Establishment of diabetes status

Information regarding diabetes status was obtained from interview during on-site surveys, fasting serum glucose measurements on the 2007 or 2012 survey day and death reports during the follow-up period. The surveys in 2007 and 2012 were conducted face-to-face by specially trained investigators. Whether individuals had received a formal diagnosis of diabetes by a physician and whether the individuals had used glucose-lowering medications during the past 2 weeks was recorded in a standardised questionnaire. Fasting glucose concentrations were measured on fresh overnight fasting blood samples on the day of serum collection during both the 2002 and 2007 surveys by enzymatic methods (2002: Daiichi Pure Chemicals, Tokyo, Japan; 2007: HUMAN, Wiesbaden, Germany). Deaths were identified at follow-up visits by staff from collaborating centres and by regular searching of the death registration database of Beijing, which includes all deaths in the Beijing population. Diabetes was defined as any of the following criteria: (1) self-report of a physician’s diagnosis of diabetes during the face-to-face survey, (2) use of glucose-lowering medications during the past 2 weeks, (3) fasting blood glucose (FBG) ≥ 7.0 mmol/l or (4) diabetes listed as the underlying cause of death on a death report.

Assessment of relevant covariates

Other information, including demographic variables, level of education, smoking status and personal medical history, was collected in 2002 and 2007 [20]. Level of education was divided into two categories according to whether the participants received a college education (education time ≤ 12 or > 12 years).
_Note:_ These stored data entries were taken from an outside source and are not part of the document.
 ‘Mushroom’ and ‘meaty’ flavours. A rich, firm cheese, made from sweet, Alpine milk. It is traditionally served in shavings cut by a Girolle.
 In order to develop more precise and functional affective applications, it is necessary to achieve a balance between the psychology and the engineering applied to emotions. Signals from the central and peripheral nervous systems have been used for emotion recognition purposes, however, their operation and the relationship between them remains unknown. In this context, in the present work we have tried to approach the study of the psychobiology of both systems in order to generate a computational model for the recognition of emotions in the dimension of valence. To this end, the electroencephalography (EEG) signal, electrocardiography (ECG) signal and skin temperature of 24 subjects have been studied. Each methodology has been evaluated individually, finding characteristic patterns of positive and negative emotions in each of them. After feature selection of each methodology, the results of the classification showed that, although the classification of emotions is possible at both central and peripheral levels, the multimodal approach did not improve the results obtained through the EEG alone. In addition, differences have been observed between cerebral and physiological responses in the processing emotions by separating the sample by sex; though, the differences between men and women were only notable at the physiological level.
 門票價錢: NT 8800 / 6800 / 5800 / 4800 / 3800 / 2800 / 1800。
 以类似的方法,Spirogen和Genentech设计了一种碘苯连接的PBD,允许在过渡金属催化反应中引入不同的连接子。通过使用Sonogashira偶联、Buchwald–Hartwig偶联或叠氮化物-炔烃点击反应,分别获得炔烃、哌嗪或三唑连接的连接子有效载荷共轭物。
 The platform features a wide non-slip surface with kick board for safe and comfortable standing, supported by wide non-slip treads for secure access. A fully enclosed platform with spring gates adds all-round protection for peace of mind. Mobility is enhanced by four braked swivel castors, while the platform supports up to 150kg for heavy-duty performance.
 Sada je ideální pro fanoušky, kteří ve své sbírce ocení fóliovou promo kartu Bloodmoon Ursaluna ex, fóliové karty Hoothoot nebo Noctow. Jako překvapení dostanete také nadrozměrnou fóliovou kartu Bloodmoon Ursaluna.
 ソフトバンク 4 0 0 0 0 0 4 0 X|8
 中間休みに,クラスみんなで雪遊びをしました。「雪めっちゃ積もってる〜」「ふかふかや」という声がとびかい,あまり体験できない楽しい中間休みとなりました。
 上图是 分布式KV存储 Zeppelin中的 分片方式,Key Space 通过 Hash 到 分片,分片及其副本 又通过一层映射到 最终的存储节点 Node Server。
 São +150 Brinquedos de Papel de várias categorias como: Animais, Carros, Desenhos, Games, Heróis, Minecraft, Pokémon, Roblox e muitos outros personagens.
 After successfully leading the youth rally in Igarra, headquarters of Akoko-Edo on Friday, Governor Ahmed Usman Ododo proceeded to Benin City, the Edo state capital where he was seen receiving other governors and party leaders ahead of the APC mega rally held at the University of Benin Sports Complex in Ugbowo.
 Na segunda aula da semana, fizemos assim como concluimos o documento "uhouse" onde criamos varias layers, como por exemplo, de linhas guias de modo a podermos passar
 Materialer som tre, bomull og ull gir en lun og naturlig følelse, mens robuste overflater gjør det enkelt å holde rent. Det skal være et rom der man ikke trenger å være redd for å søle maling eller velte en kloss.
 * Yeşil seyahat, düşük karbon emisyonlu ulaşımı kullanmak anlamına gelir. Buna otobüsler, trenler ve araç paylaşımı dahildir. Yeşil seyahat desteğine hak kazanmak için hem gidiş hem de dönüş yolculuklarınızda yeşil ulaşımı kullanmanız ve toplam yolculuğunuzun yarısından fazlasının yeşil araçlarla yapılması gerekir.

Smoking was defined as smoking one or more cigarettes per day for at least 3 months. Lipid-lowering therapies were recorded based on whether the participants were taking lipid-lowering medication.

Physical examinations, including height, weight and BP were performed by trained physicians during the on-site surveys in 2002 and 2007. BMI was calculated as weight in kilograms divided by height squared in meters. BP was measured with a regular mercury sphygmomanometer on the right arm while seated after resting for at least 5 min. The mean value of two (2002) or three (2007) consecutive readings was used. Hypertension was defined as systolic BP ≥ 140 mmHg, diastolic BP ≥ 90 mmHg and/or current antihypertensive treatment.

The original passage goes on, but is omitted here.